Problem to work on>
Your output should be the lines below from the one with "Labrador Golden Retriever" through the one with "Ja samale mehele", copied exactly, pictures excluded.

Material for this task>
........

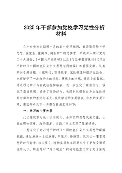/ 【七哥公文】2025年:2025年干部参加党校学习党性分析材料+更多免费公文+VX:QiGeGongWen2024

........

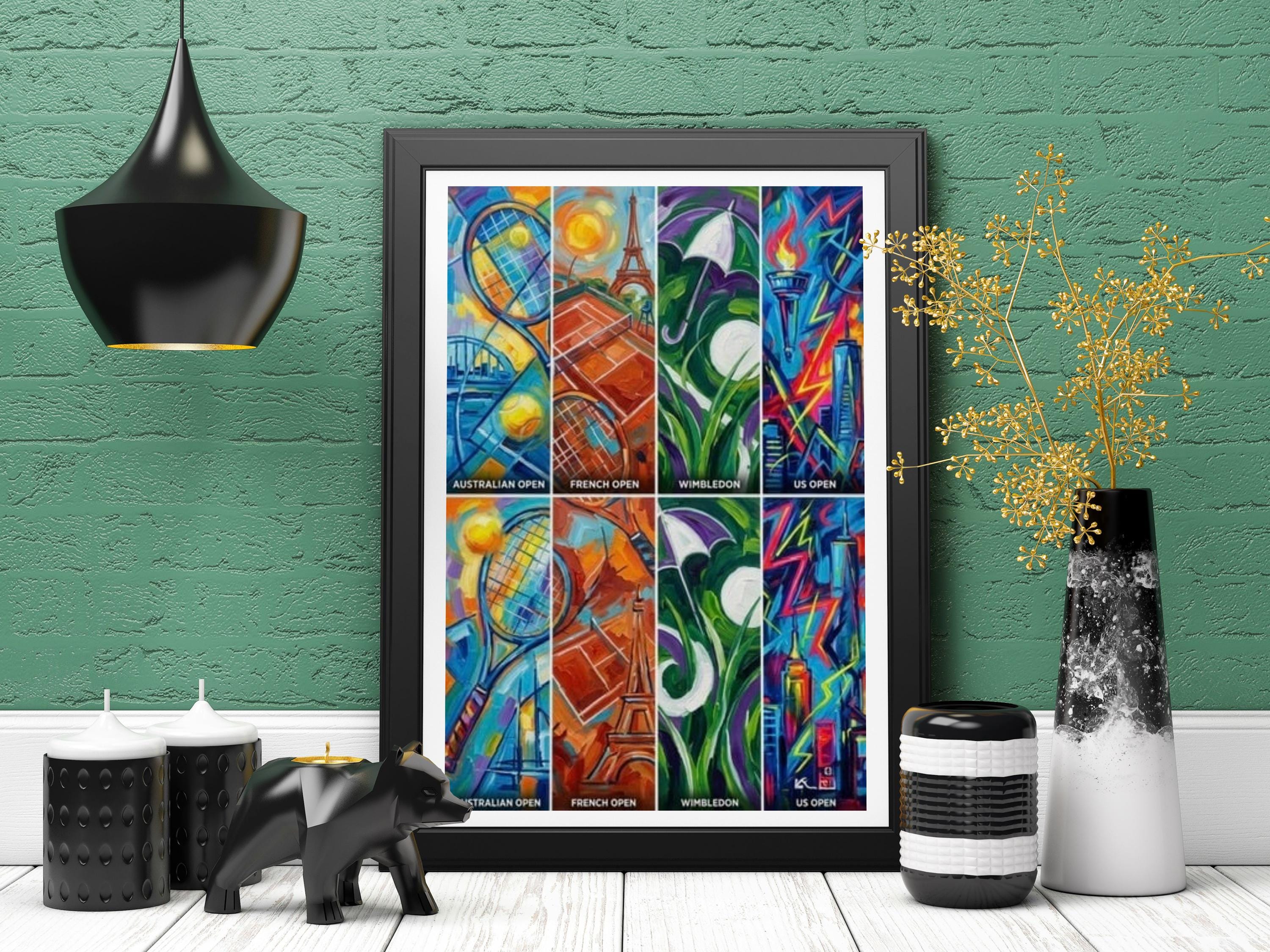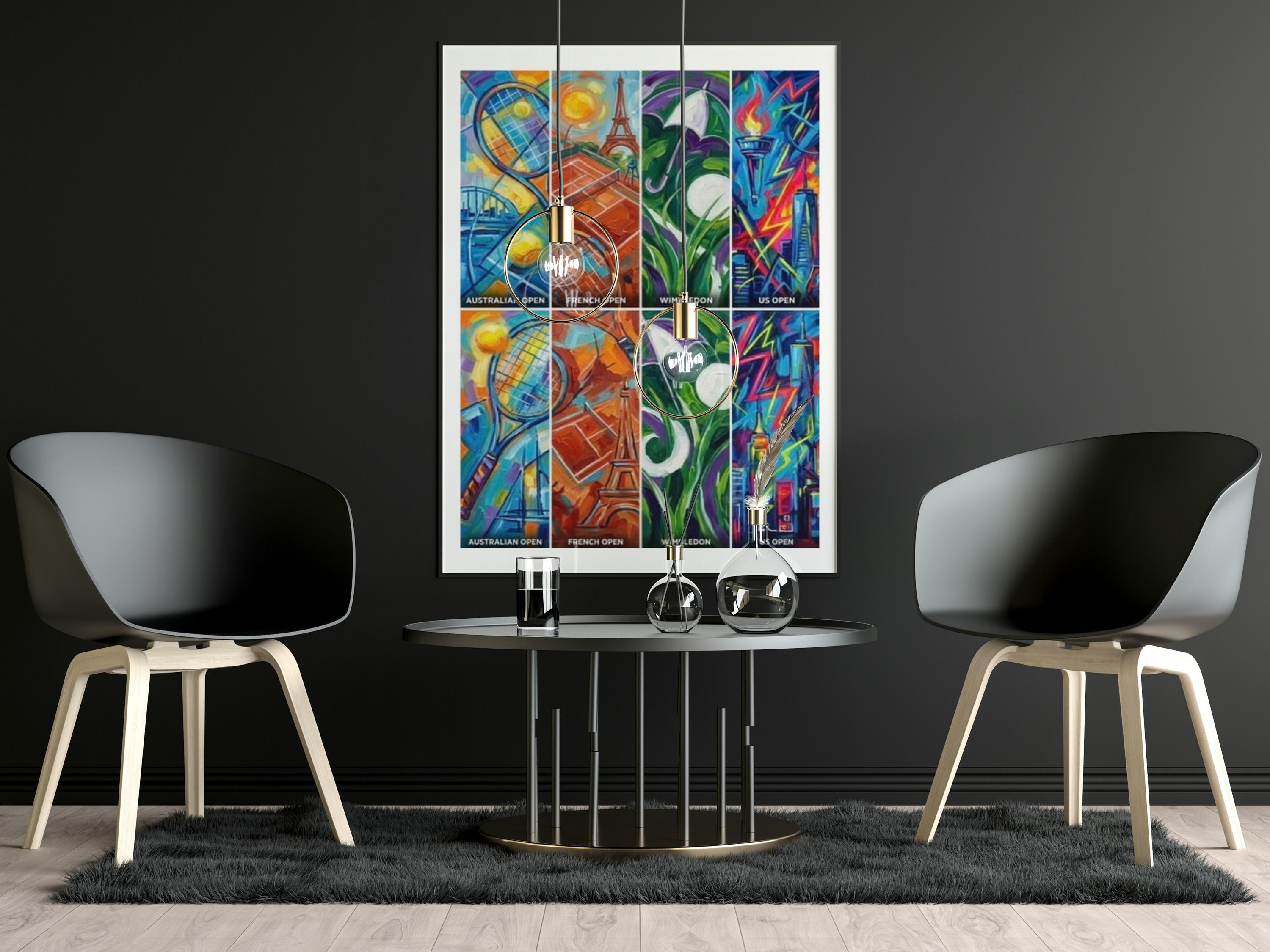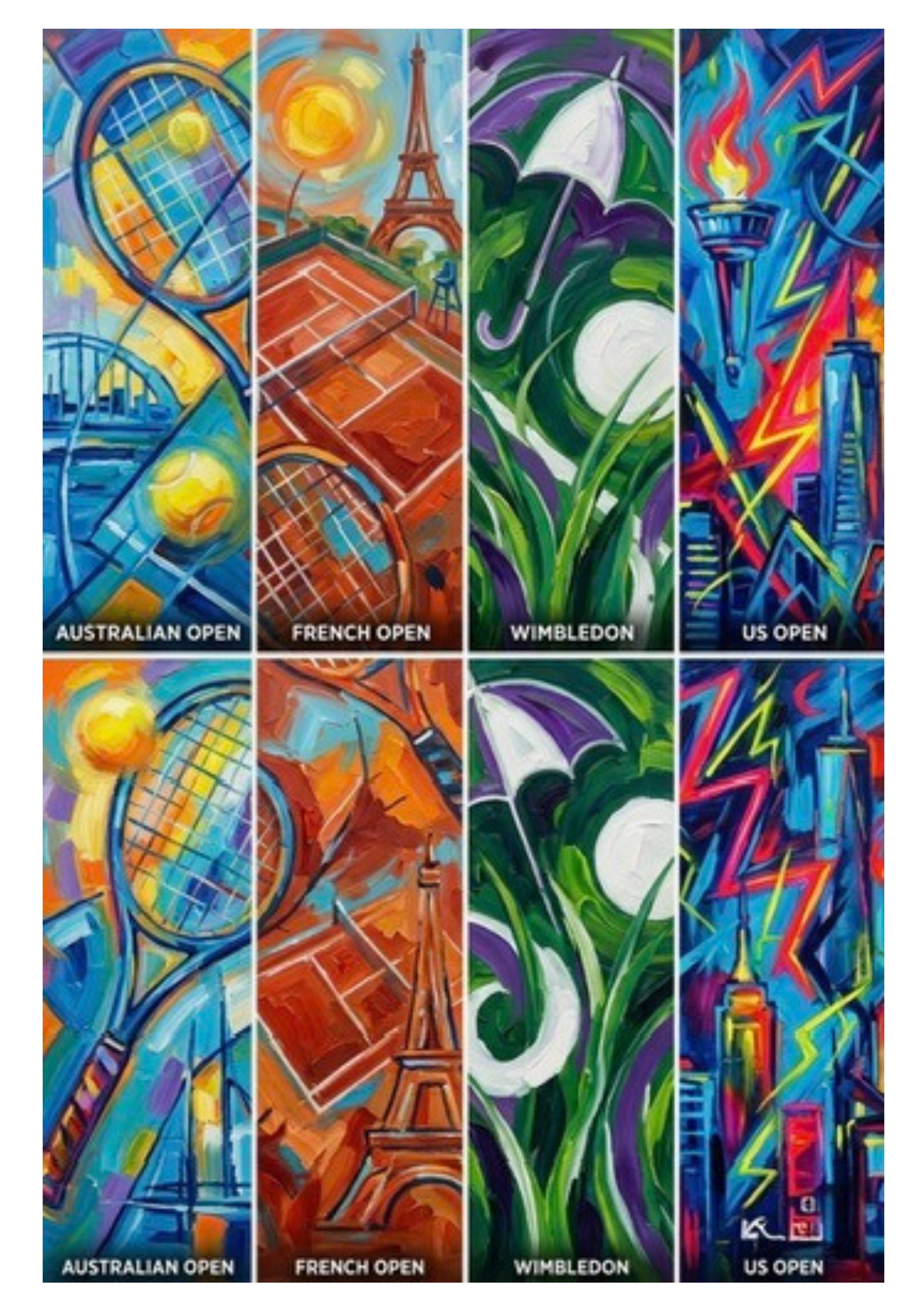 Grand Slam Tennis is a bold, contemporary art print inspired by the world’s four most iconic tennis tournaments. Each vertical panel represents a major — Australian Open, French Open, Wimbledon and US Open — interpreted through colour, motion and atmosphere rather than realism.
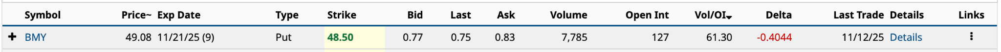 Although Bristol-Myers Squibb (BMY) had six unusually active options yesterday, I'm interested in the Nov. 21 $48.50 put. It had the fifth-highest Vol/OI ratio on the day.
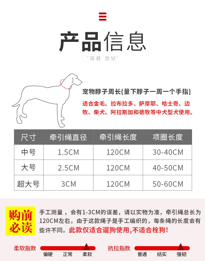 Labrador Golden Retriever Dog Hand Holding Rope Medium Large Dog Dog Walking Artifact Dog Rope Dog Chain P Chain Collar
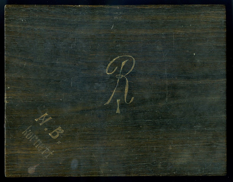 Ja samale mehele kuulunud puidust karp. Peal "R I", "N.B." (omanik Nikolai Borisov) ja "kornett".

........

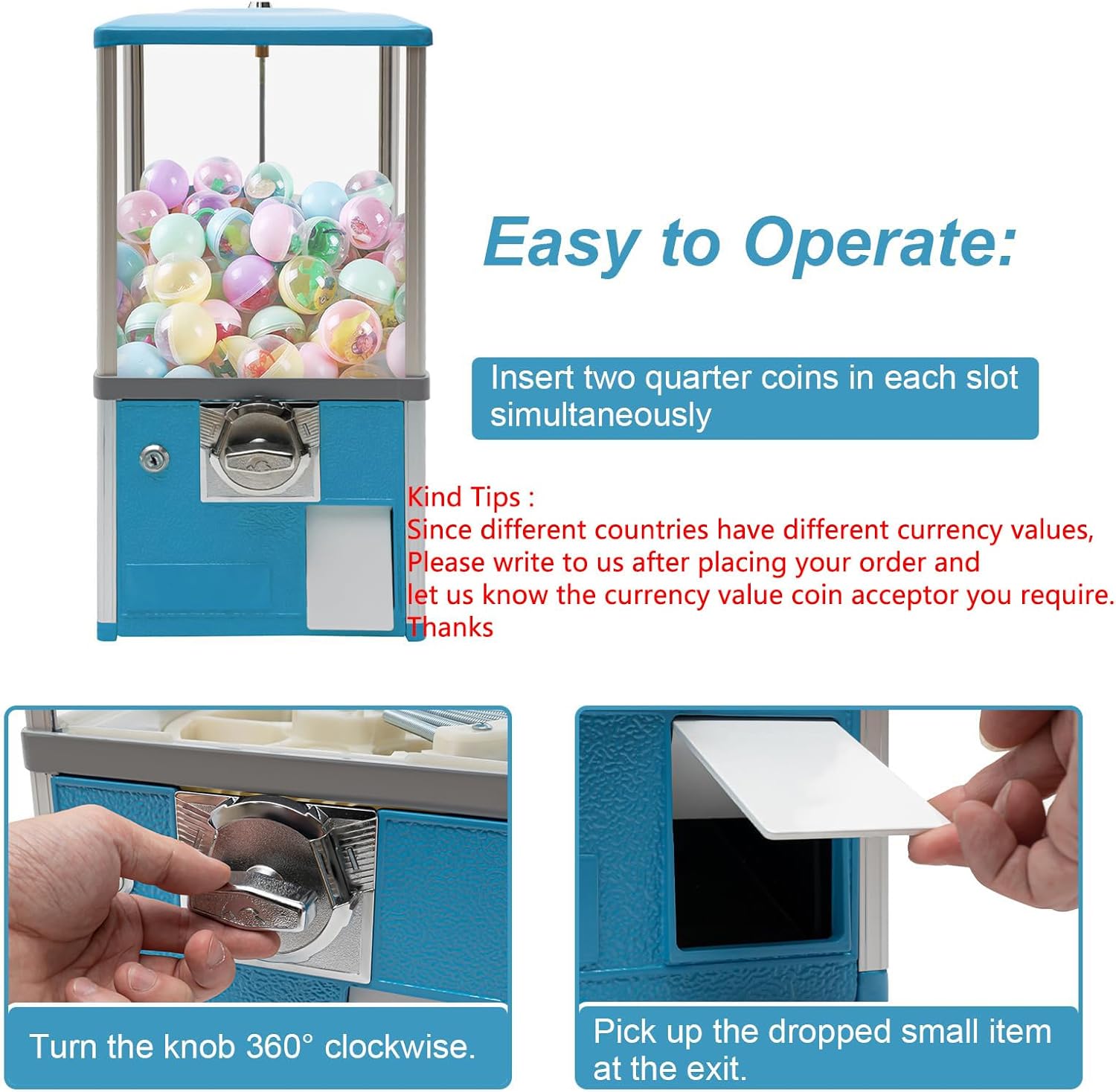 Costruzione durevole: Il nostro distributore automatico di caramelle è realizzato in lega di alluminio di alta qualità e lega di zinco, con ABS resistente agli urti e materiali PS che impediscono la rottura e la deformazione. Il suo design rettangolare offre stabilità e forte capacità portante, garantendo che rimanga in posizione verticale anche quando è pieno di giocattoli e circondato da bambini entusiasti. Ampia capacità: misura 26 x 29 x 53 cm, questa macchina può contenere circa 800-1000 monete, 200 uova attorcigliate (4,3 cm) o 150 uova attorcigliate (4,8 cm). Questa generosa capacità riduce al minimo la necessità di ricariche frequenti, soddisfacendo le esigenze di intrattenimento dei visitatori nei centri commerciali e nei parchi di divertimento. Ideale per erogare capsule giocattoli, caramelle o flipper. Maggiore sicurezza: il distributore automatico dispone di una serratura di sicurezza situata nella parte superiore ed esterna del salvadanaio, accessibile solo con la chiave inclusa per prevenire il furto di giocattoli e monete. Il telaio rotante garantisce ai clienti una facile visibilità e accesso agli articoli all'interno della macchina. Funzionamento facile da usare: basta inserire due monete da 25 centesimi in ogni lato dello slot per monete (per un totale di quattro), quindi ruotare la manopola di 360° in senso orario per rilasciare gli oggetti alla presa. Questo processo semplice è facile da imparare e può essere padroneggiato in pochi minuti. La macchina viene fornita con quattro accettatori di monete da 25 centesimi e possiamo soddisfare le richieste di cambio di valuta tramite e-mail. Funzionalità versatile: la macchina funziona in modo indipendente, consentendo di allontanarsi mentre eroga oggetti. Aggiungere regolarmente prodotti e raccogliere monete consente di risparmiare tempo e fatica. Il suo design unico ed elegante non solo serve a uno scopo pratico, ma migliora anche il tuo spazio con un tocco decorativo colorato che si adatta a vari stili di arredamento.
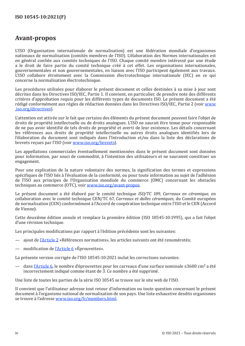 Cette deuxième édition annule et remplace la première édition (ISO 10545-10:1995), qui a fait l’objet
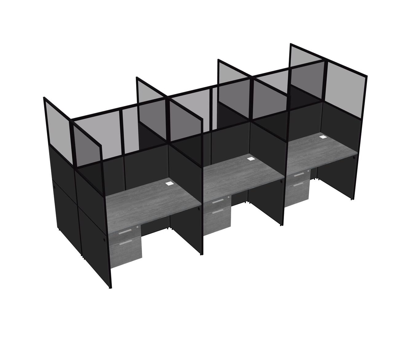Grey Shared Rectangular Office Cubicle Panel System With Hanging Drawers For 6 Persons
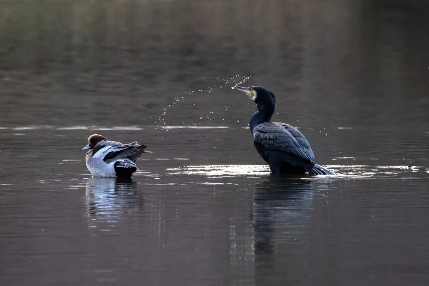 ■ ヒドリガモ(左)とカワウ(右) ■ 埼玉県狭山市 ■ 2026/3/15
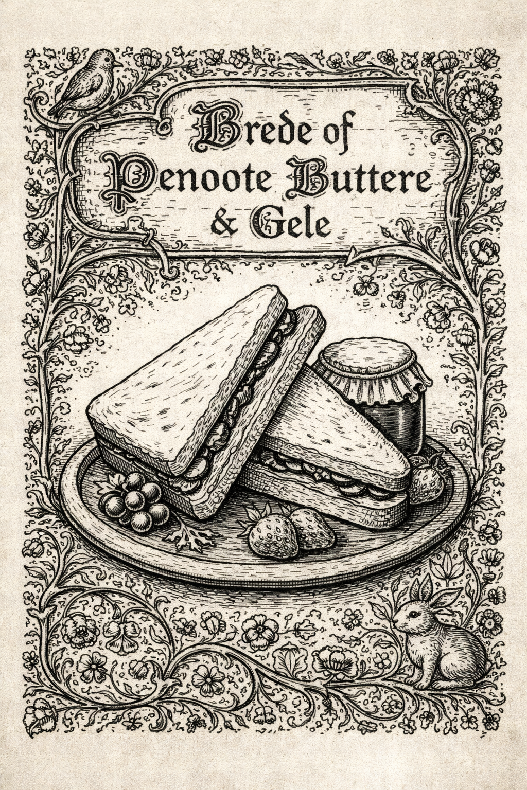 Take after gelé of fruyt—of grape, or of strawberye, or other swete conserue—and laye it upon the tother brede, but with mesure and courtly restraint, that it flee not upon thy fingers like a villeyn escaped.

........

Exercise solution>
 Labrador Golden Retriever Dog Hand Holding Rope Medium Large Dog Dog Walking Artifact Dog Rope Dog Chain P Chain Collar
 Ja samale mehele kuulunud puidust karp. Peal "R I", "N.B." (omanik Nikolai Borisov) ja "kornett".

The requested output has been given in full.